One popular activity under globalisation is international trade, in which products and services are exchanged
between or among nations. Many countries that have abundant natural resources
rely on this trading system to market their unique local products and, in turn,
improve their economic state. International trade has been practiced for
centuries, as evidenced by the Silk Road that connects Asia and Europe for
trading purposes. One modern example of this type of trade is the toy industry,
wherein many American-sold toys have the phrase “Made in China” embossed on
their surface.
Economic globalization may
involve the financial and economic aspects of a nation primarily, but its
interdependent nature can inevitably affect a country’s lawmaking system and
cultural identity. Trading policies and tax treaties are created between
countries to regulate trade and protect either country from threats of
terrorism. Multinational companies are changing some cultural aspects of many
countries; fast food restaurants, for example, have changed the eating habits
of Asian countries that consider rice as a staple food. Fashion trends from
European countries are also carried over to the opposite side of the globe.
Multinational corporations have
existed since the beginning of overseas trade.

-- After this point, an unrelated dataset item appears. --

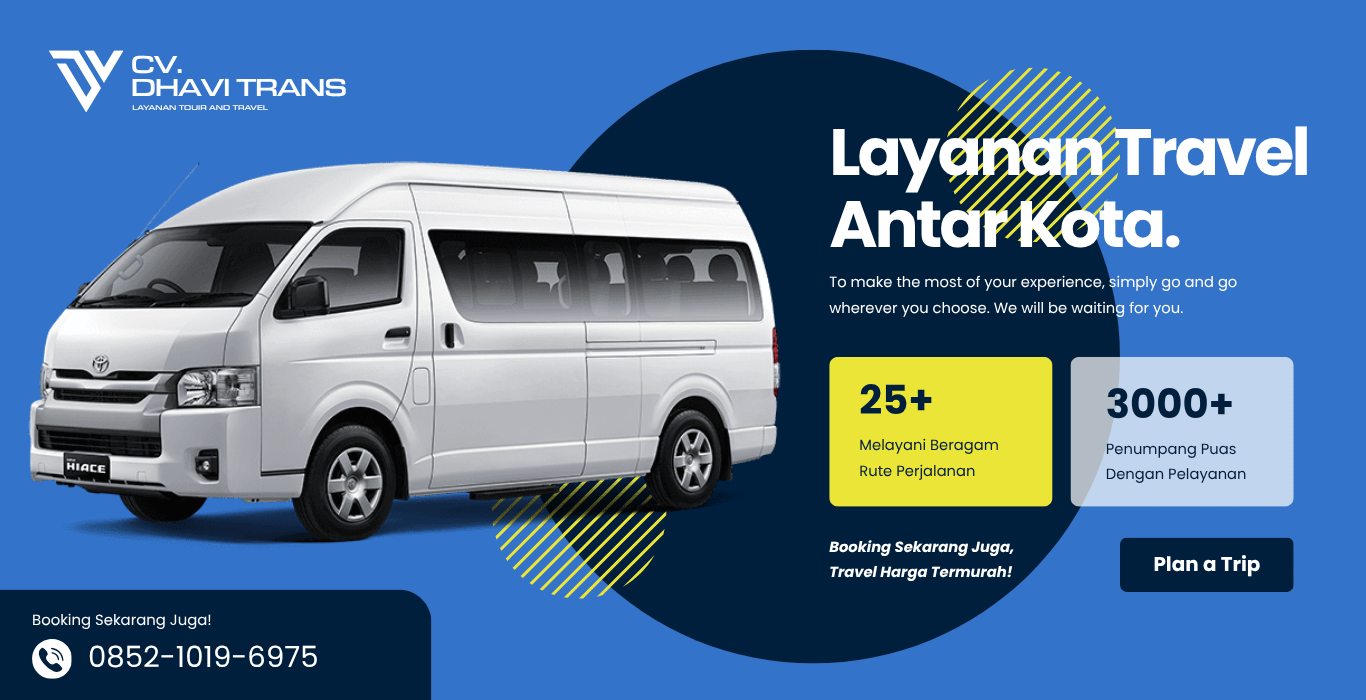 Dhavi Trans adalah jasa travel and tour terpercaya yang mampu memberikan jaminan keamanan dan kenyamanan kepada semua penumpang selama perjalanan hingga sampai tujuan. Untuk menjaga performa kendaraan, kami rutin melakukan servis semua jenis armada secara berkala. Anda bisa langsung melakukan pemesanan layanan melalui chat WhatsApp admin, jadi tidak perlu repot datang langsung ke kantor.

They have remained a part of the
business scene throughout history, entering their modern form in the 17th and
18th centuries with the creation of large, European-based monopolistic concerns
such as the British East India Company during the age of colonization.

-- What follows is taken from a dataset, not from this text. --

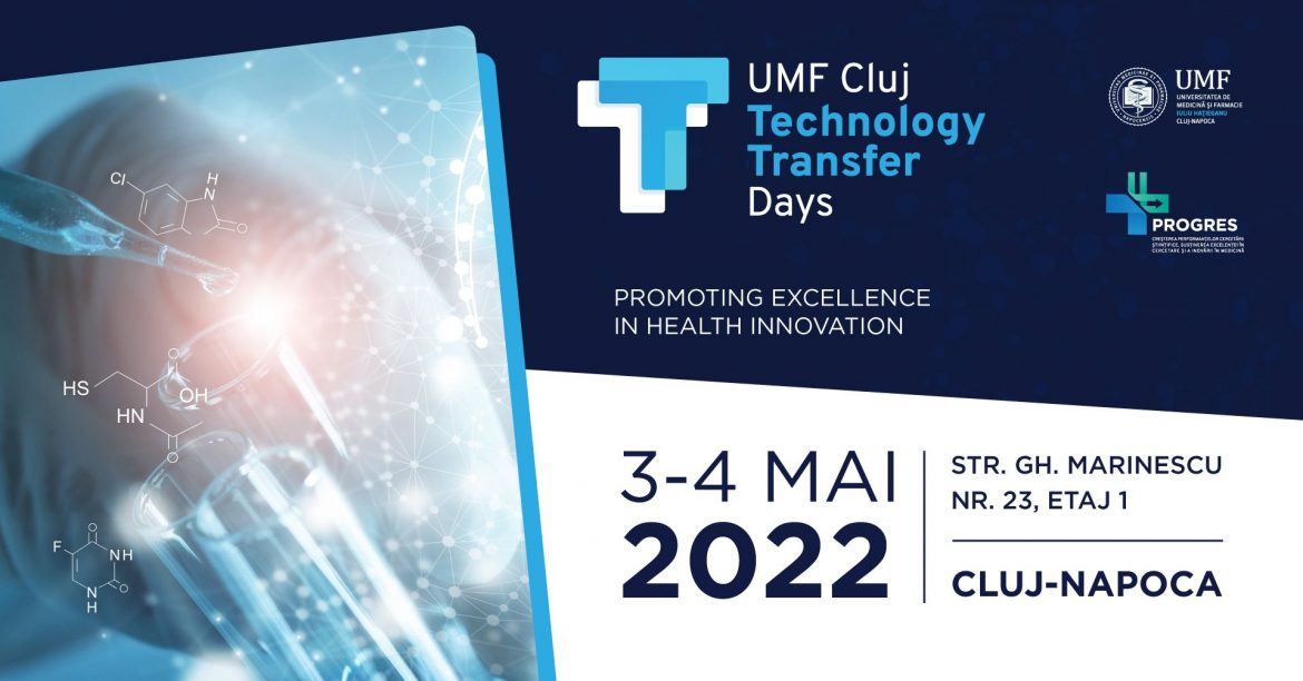 Universitatea de Medicină și Farmacie „Iuliu Hațieganu” Cluj-Napoca va organiza, în perioada 3-4 mai 2022, prima ediție a UMF Cluj Technology Transfer Days. În cele două zile ale evenimentului vor fi prezentate rezultate ale cercetării desfășurate în cadrul universității, sub formă de brevete de invenție sau cereri de brevet de invenție, precum și serviciile oferite de cele două centre de cercetare care funcționează în cadrul UMF: Centrul de Cercetări pentru Medicină Avansată – MedFUTURE și Centrul de Cercetări pentru Genomică Funcțională, Biomedicină și Medicină Translațională – Genomic Center. De asemenea, cei interesați vor putea vizita cele două centrele de cercetare.

Multinational concerns were viewed at that time as agents of civilization and
played a pivotal role in the commercial and industrial development of Asia,
South America, and Africa. By the end of the 19th century, advances in
communications had more closely linked world markets, and multinational
corporations retained their favorable image as instruments of improved global
relations through commercial ties. The existence of close international trading
relations did not prevent the outbreak of two world wars in the first half of
the twentieth century, but an even more closely bound world economy emerged in
the aftermath of the period of conflict.
In more recent times,
multinational corporations have grown in power and visibility, but have come to
be viewed more ambivalently by both governments and consumers worldwide.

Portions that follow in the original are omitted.